TASK DIRECTIONS :: With the pictures left out, restate exactly the part below that opens with the line containing "mysqlsh-js>clu" and closes with the line containing "A stunning coastal".

AVAILABLE DATA ::
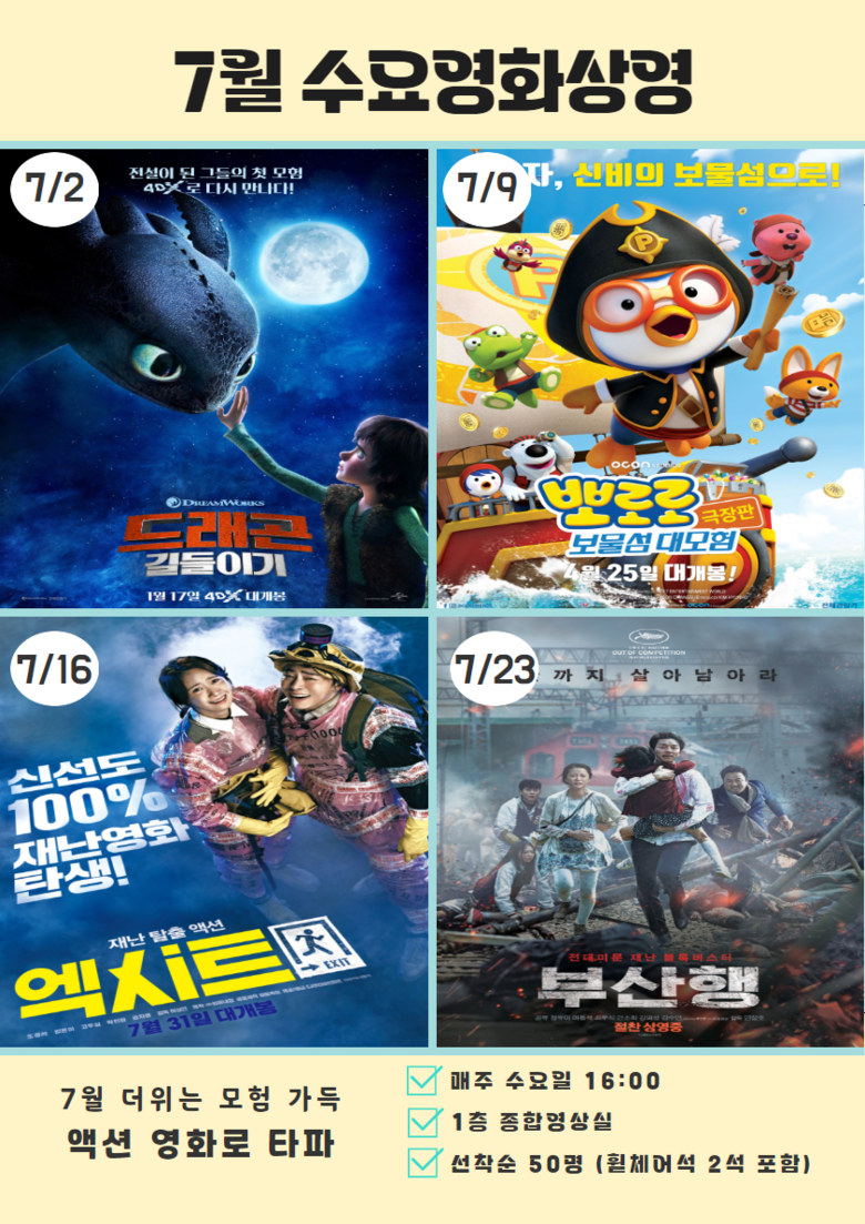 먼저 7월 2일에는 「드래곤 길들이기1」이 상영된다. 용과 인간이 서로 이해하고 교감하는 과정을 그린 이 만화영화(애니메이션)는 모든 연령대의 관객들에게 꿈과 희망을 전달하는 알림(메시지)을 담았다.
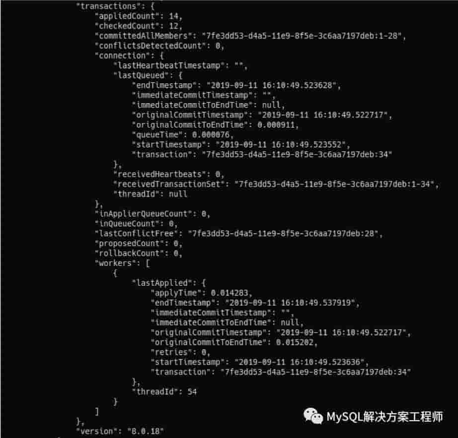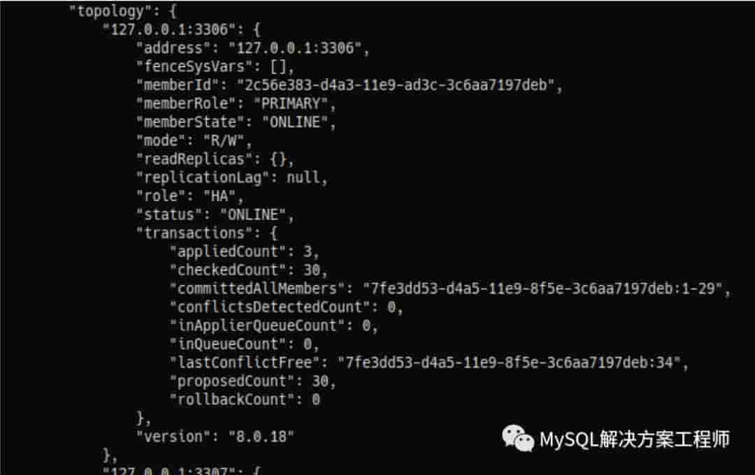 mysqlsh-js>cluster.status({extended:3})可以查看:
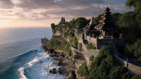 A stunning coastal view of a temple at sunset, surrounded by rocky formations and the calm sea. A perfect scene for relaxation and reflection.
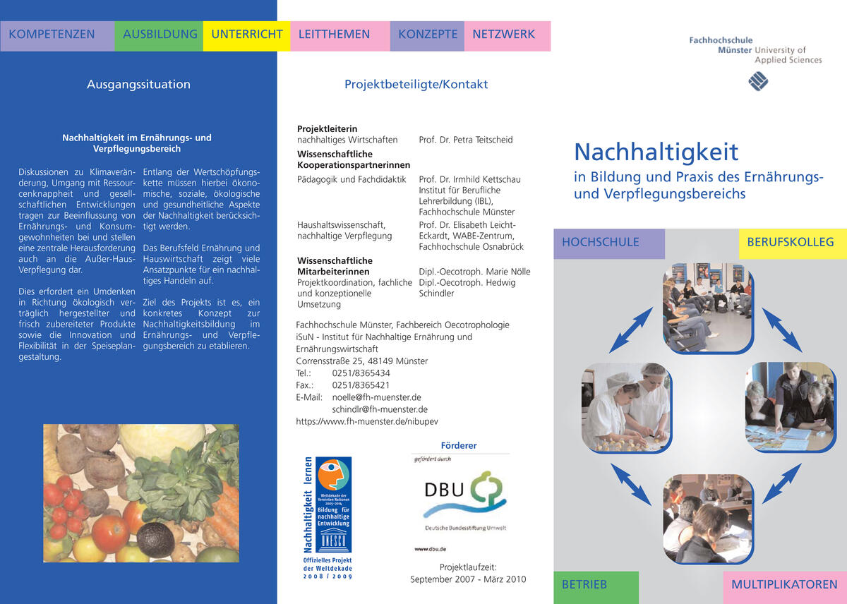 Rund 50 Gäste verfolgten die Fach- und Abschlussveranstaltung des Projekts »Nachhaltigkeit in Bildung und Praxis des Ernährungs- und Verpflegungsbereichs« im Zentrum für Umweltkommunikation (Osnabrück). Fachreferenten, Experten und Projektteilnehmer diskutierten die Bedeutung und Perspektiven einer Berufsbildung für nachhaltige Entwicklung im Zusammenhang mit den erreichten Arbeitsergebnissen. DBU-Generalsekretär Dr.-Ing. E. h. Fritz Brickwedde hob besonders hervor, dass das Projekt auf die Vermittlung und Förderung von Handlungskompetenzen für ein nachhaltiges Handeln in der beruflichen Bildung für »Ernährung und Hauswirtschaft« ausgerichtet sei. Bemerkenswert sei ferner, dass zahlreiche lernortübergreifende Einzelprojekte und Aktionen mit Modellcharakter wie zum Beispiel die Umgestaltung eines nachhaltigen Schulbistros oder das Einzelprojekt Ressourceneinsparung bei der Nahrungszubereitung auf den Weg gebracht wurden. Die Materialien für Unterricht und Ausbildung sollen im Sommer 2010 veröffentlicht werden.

EXPECTED ANSWER ::
 mysqlsh-js>cluster.status({extended:3})可以查看:
 A stunning coastal view of a temple at sunset, surrounded by rocky formations and the calm sea. A perfect scene for relaxation and reflection.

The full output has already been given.